Creo que nos hace falta, sobre todo, honestidad —la que caracterizó a Schaeffer y Rookmaaker en los años 60 y 70, cuando hablaban de la esperanza del Evangelio en relación con la cultura popular de los jóvenes de su tiempo—. Necesitamos sinceridad, pero también humildad, ya que fácilmente simplificamos apasionadamente la complejidad de unas obras que expresan luz y oscuridad, gozo y desesperación, bondad y maldad. La vida tiene esa mezcla de gracia e idolatría, como dice mi amigo Ted Turnau en su valioso libro Pop-olegética. Podemos buscar a Dios en la cultura popular, como hace Romanowski, pero lo que encontraremos tantas veces es una realidad tan humana que hace que lo mejor de la cultura muchas veces no sea más que un reflejo del problema que la Biblia llama pecado.

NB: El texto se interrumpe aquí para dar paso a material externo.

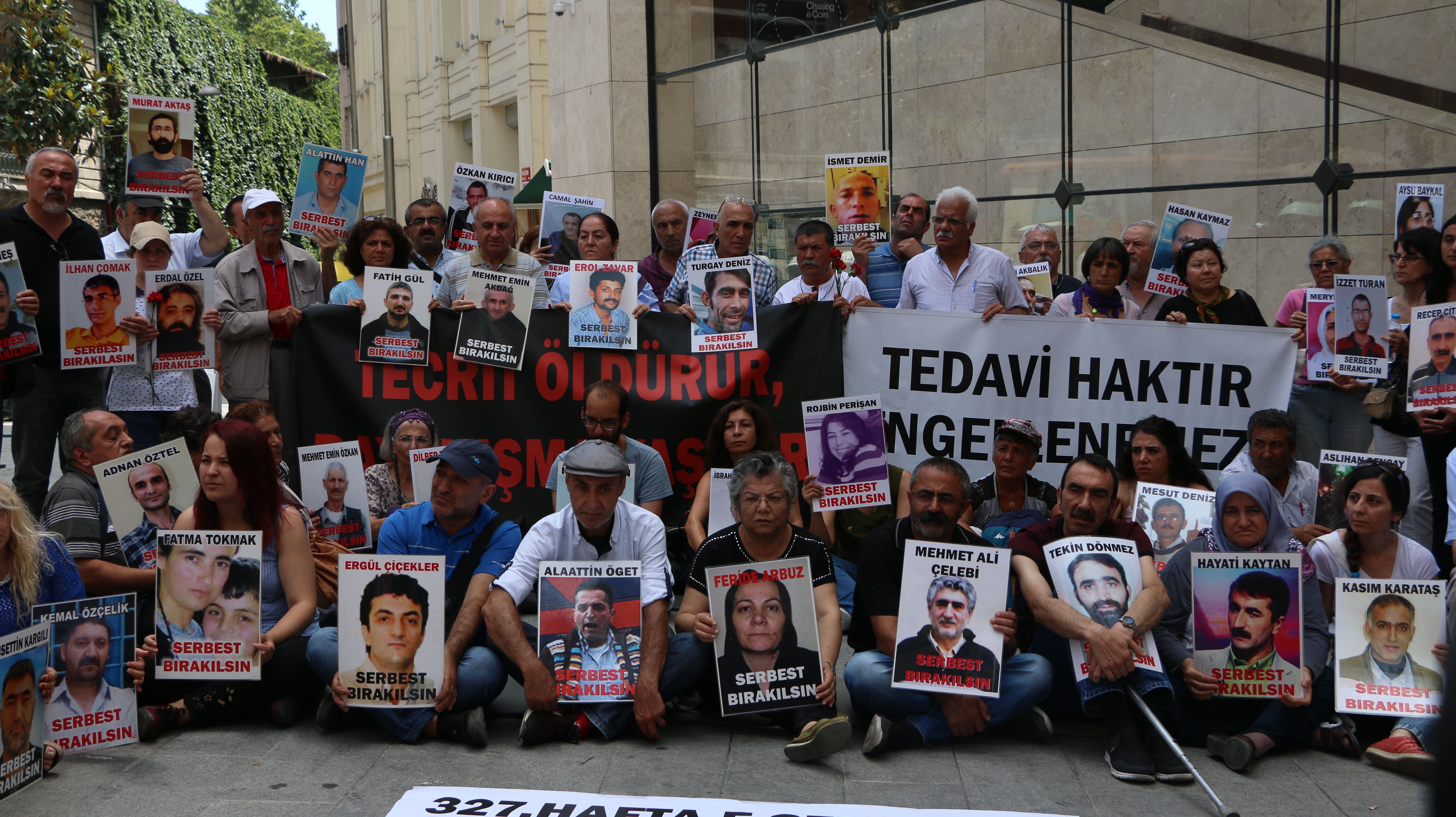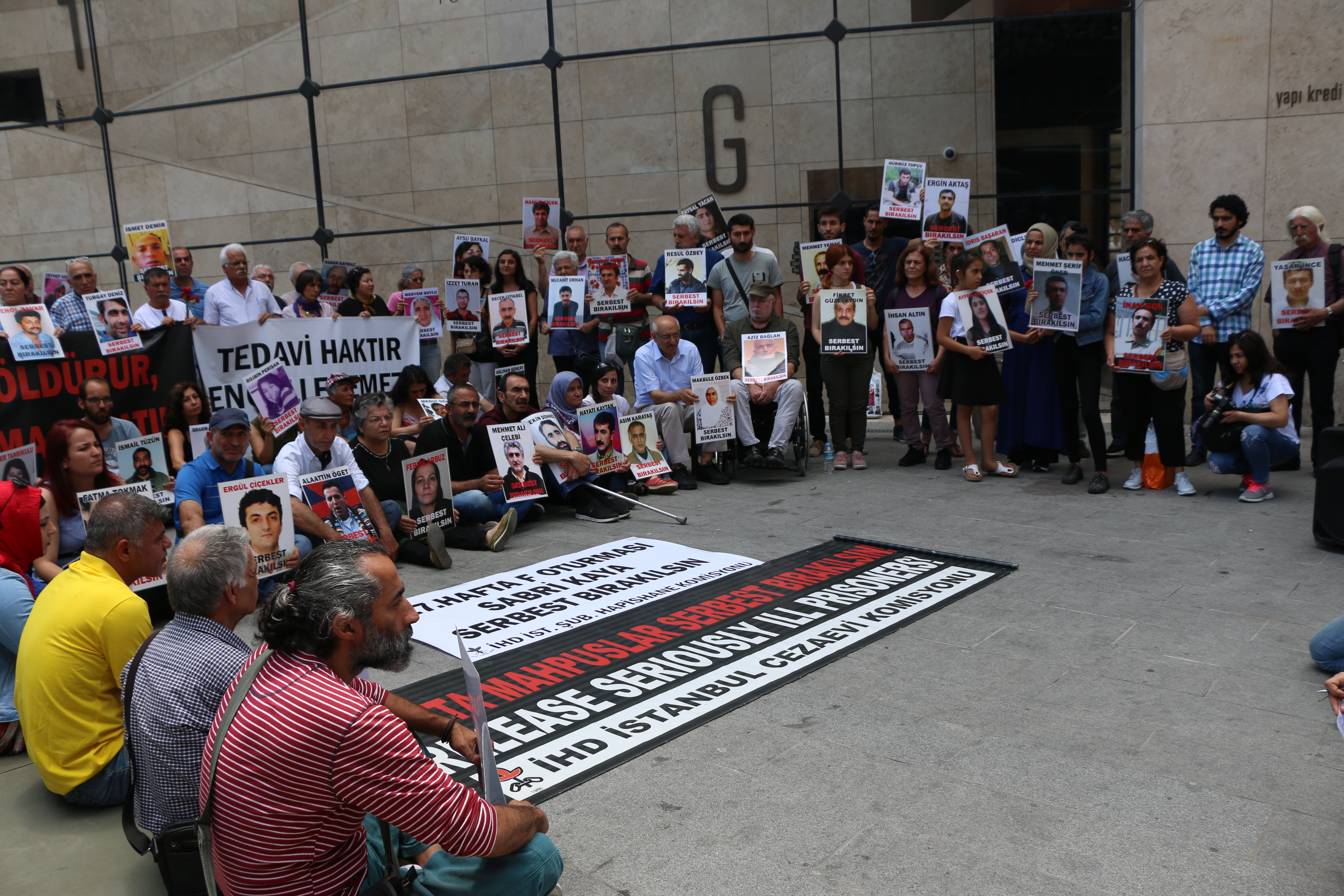 İnsan Hakları Derneği (İHD) İstanbul Şubesi Hapishane Komisyonu, hasta tutukluların durumuna dikkat çekmek amacıyla her hafta düzenledikleri “F Oturumu”nun 327’nci haftasında Galatasaray Meydanı’nda bir araya geldi.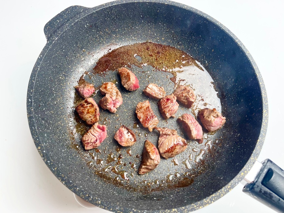 В глубокой сковороде разогреть масло. На сильном огне обжарить говядину небольшими порциями со всех сторон, до румяной корочки. Если выложить всю говядину сразу, и куски будут плотно прилегать друг к другу, то не получится зажаристой корочки, не запечатается сок внутри. По готовности убрать мясо в отдельную емкость.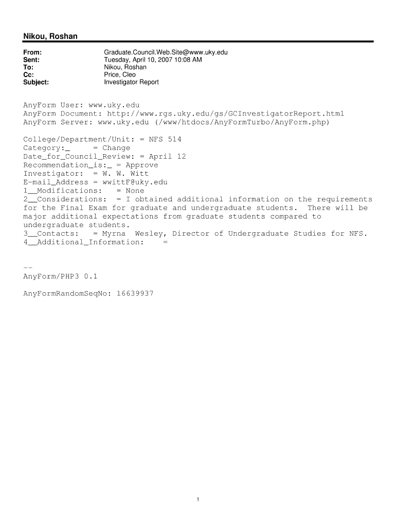 Nikon, Roshan From: Sent: To: Cc: Subject: Graduate. Council. Web. Site www.uky.edu Tuesday, April 10, 2007 10:08 AM Nikon, Roshan Price, Cleo Investigator Report Uniform User: www.uky.edu Uniform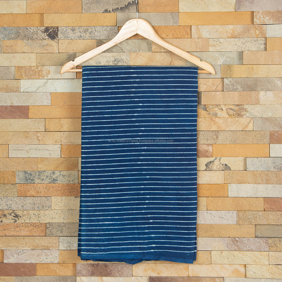 Stripe Printed Handmade Indian Organic Cotton Running Dress Fabric Indigo Blue Curtain Clothing Girls Suits Coverings Sewing

No eso que llamamos “el mundo”, sino nosotros —los seres humanos—, que somos tan complejos.
No me queda ahora sino recomendar la lectura de estas páginas y elogiar, si se me permite, la labor de Lucas Magnin. He conocido pocos como él, que unan a su juventud, la madurez de tantas lecturas; su seriedad a su sensibilidad; su iniciativa a su humildad. Lucas es, para mí, un ejemplo de cristianismo equilibrado, santidad mundana, personalidad comprometida con la Iglesia. Los libros que ya ha publicado muestran una originalidad en su expresión y fidelidad al mensaje nada habituales en su generación. Espero que los autores que aquí ha convocado sigan su ejemplo y que pueda ser el inicio de todo un movimiento que, aunque no creo poder llegar a ver, alcance a una generación necesitada de la Luz en medio de tanta oscuridad… ¡Que este libro sirva también para ello!